START DATA FOR PROCESSING

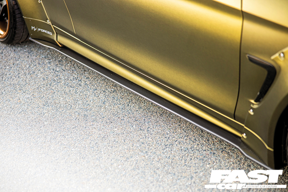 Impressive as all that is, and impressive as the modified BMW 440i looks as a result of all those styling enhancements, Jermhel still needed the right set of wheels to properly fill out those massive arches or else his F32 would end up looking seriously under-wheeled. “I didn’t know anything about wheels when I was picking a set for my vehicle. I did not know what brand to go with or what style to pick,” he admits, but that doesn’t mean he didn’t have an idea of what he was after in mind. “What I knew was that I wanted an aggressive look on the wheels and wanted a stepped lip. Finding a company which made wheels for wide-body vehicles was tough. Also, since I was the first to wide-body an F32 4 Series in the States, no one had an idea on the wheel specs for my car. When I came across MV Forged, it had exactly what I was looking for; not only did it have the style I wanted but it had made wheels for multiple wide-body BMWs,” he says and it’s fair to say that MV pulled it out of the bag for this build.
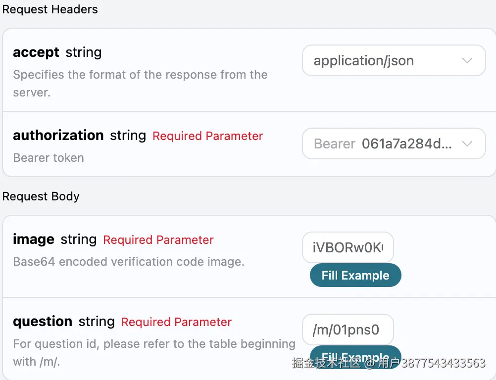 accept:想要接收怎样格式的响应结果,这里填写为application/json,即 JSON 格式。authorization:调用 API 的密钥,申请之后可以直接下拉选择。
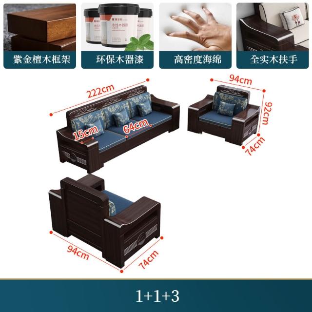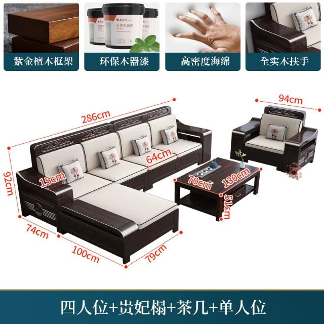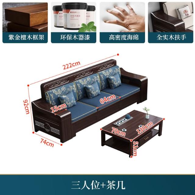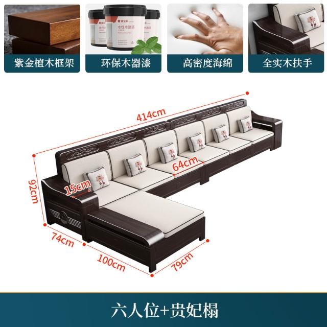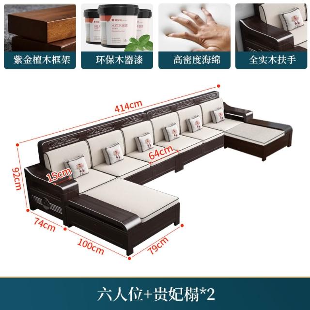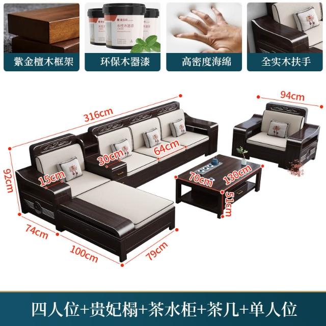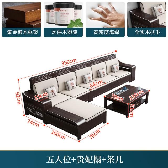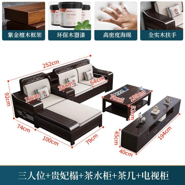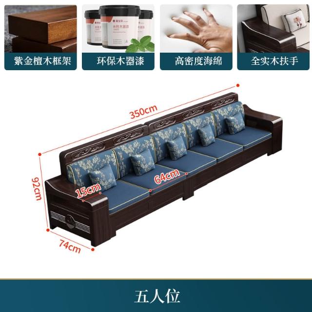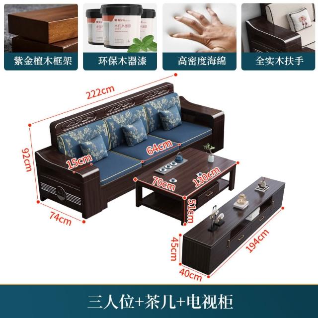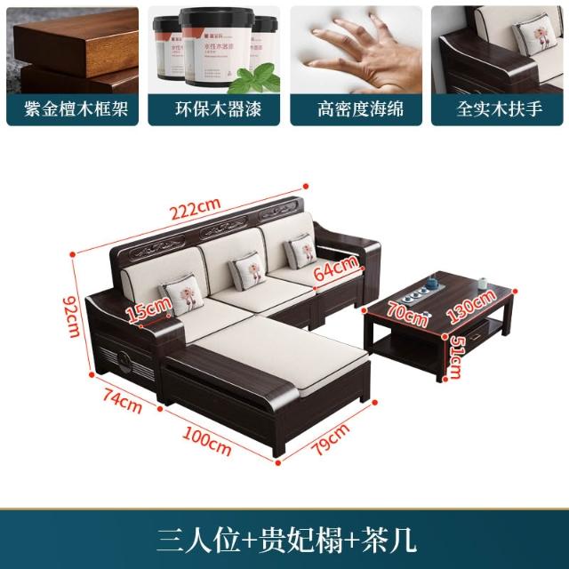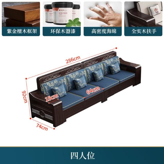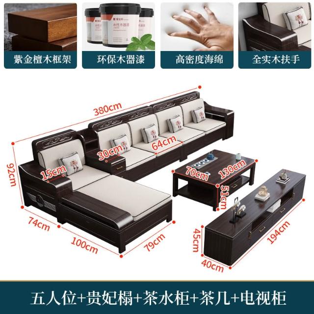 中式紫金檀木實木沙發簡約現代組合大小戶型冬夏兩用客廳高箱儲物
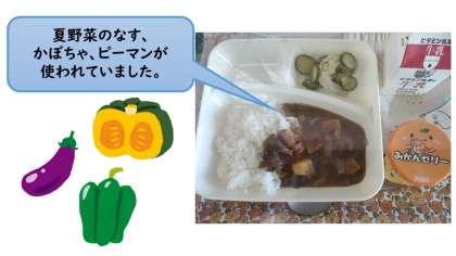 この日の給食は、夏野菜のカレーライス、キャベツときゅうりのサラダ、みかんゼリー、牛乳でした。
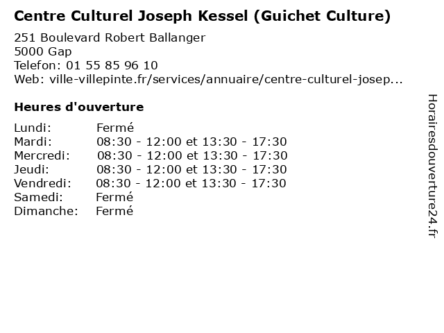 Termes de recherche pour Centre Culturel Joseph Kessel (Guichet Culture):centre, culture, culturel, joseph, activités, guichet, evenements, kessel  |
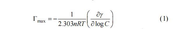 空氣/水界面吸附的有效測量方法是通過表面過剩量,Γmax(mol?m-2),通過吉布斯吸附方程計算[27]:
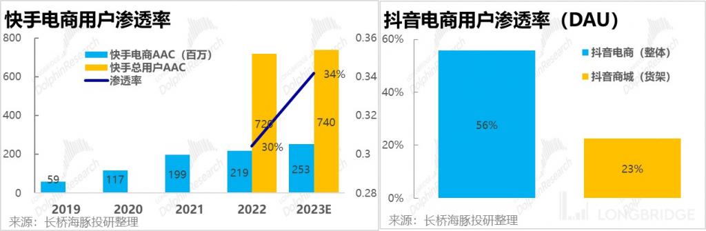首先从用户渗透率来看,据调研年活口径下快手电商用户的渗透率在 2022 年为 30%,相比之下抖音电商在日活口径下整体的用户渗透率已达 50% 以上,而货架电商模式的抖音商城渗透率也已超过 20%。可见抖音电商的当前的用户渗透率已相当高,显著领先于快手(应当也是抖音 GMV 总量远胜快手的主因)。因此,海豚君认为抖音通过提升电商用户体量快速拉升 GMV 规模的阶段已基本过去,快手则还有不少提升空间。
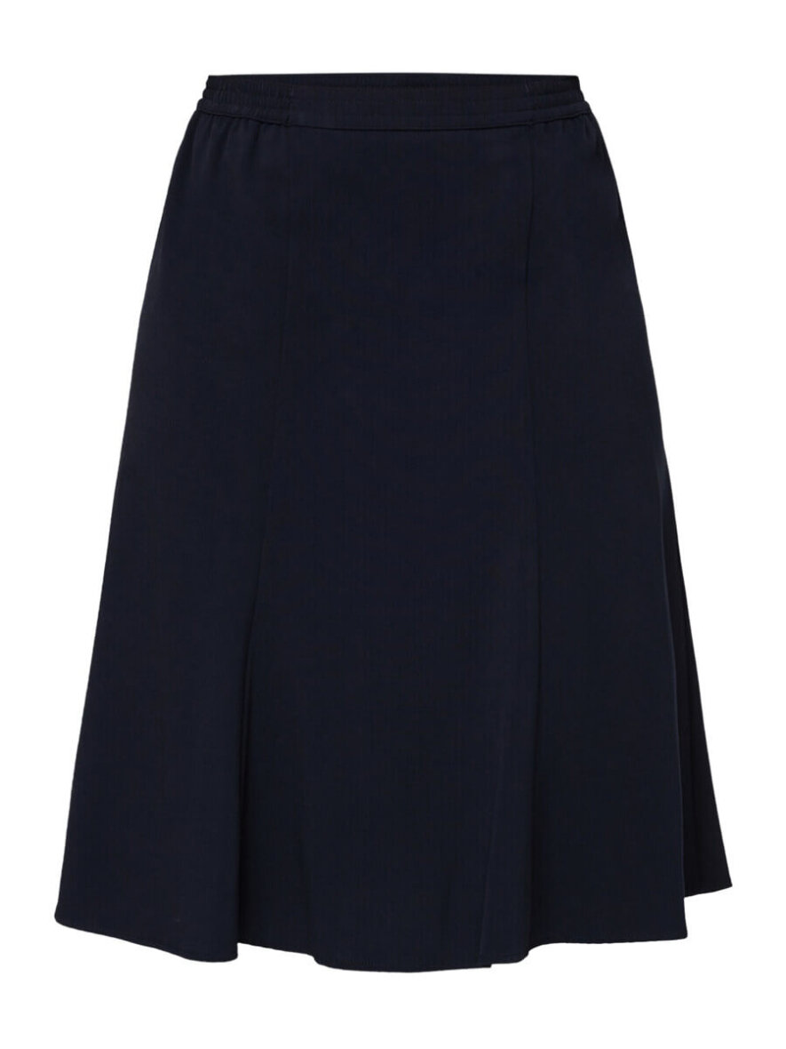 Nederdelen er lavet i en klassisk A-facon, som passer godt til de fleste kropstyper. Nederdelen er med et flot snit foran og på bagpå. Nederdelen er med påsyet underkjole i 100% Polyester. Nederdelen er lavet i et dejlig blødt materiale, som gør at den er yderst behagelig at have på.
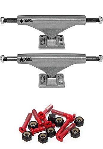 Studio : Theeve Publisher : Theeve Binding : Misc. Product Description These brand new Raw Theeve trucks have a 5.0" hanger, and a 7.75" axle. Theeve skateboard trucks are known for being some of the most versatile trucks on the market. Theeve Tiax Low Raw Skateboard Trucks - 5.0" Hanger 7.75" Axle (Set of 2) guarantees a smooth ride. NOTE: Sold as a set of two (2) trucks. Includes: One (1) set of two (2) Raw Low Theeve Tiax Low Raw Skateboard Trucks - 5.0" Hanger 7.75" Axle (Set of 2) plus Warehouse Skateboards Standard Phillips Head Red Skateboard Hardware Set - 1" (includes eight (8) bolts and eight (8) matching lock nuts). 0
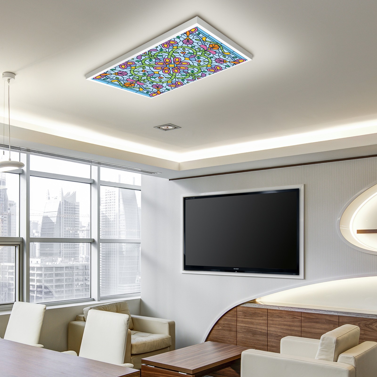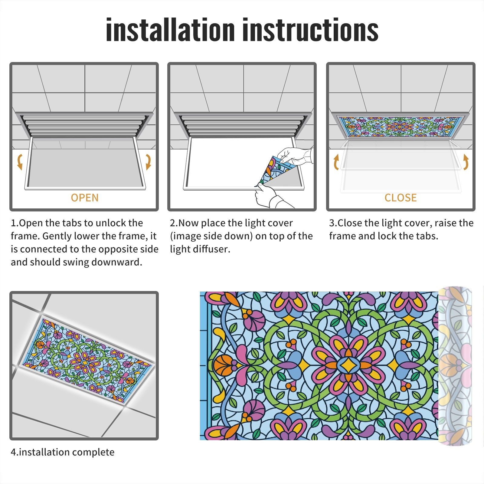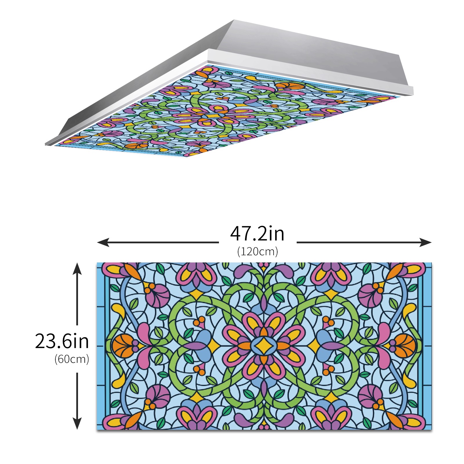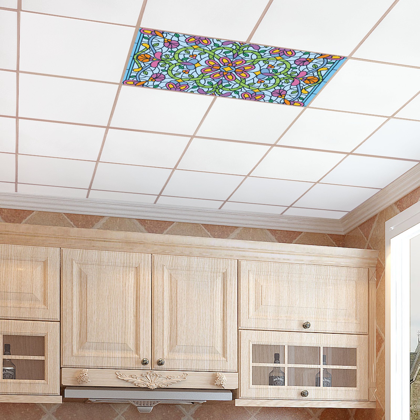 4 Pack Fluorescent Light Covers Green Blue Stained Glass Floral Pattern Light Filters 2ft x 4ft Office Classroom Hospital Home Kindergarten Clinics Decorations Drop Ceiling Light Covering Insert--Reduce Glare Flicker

END DATA FOR PROCESSING
START DATA FOR PROCESSING

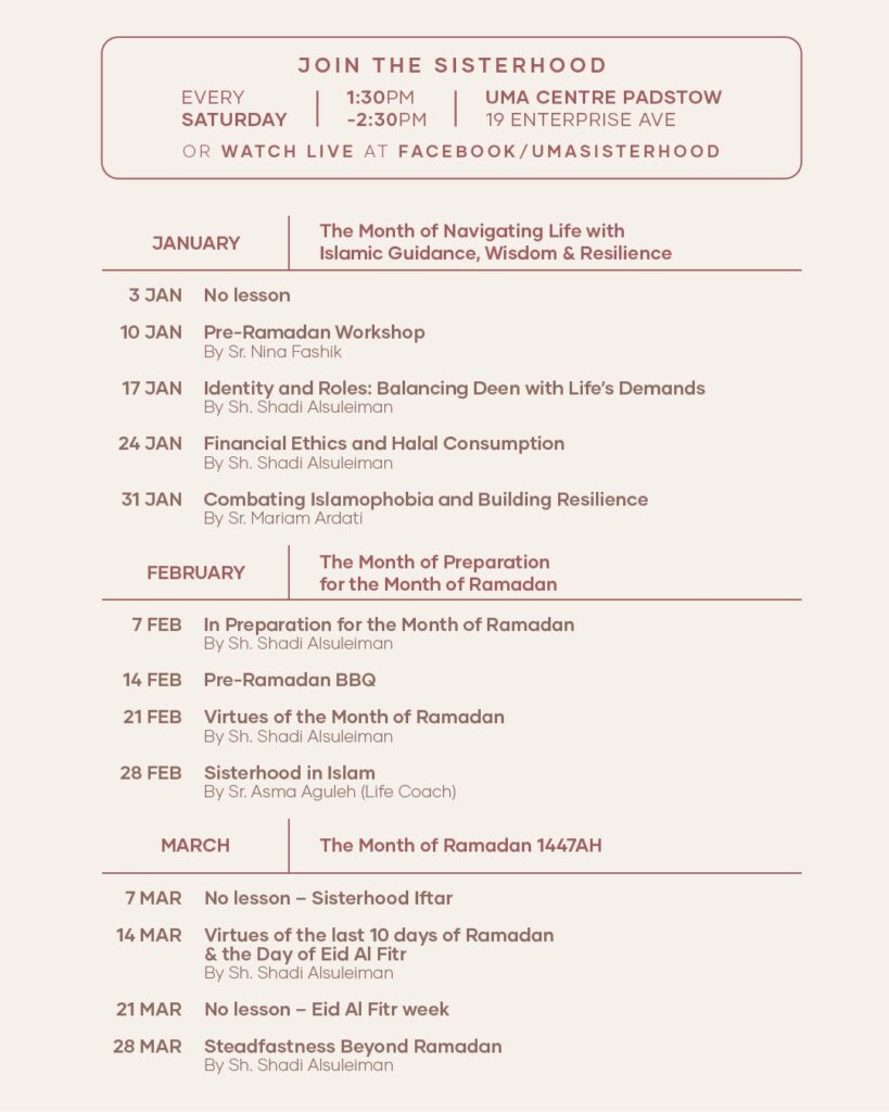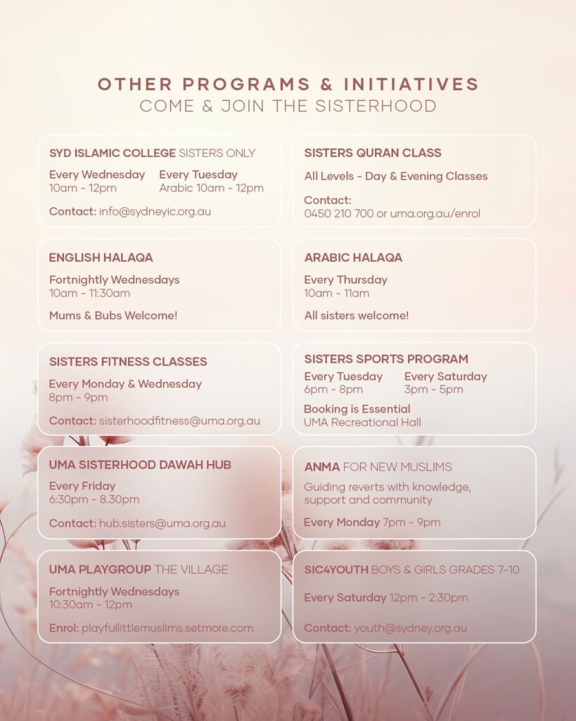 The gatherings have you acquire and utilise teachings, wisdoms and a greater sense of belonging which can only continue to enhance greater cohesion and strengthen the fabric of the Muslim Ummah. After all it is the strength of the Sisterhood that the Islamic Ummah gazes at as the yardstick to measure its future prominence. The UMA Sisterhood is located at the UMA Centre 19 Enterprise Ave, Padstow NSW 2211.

END DATA FOR PROCESSING

— REQUIRED WORK —
Write back word for word every line in the entries above from the one with "この日の給食は、夏野菜のカレ" to the one with "空氣/水界面吸附的有效測量方", ends included, and none of the pictures.

— RESPONSE —
 この日の給食は、夏野菜のカレーライス、キャベツときゅうりのサラダ、みかんゼリー、牛乳でした。
 Termes de recherche pour Centre Culturel Joseph Kessel (Guichet Culture):centre, culture, culturel, joseph, activités, guichet, evenements, kessel  |
 空氣/水界面吸附的有效測量方法是通過表面過剩量,Γmax(mol?m-2),通過吉布斯吸附方程計算[27]:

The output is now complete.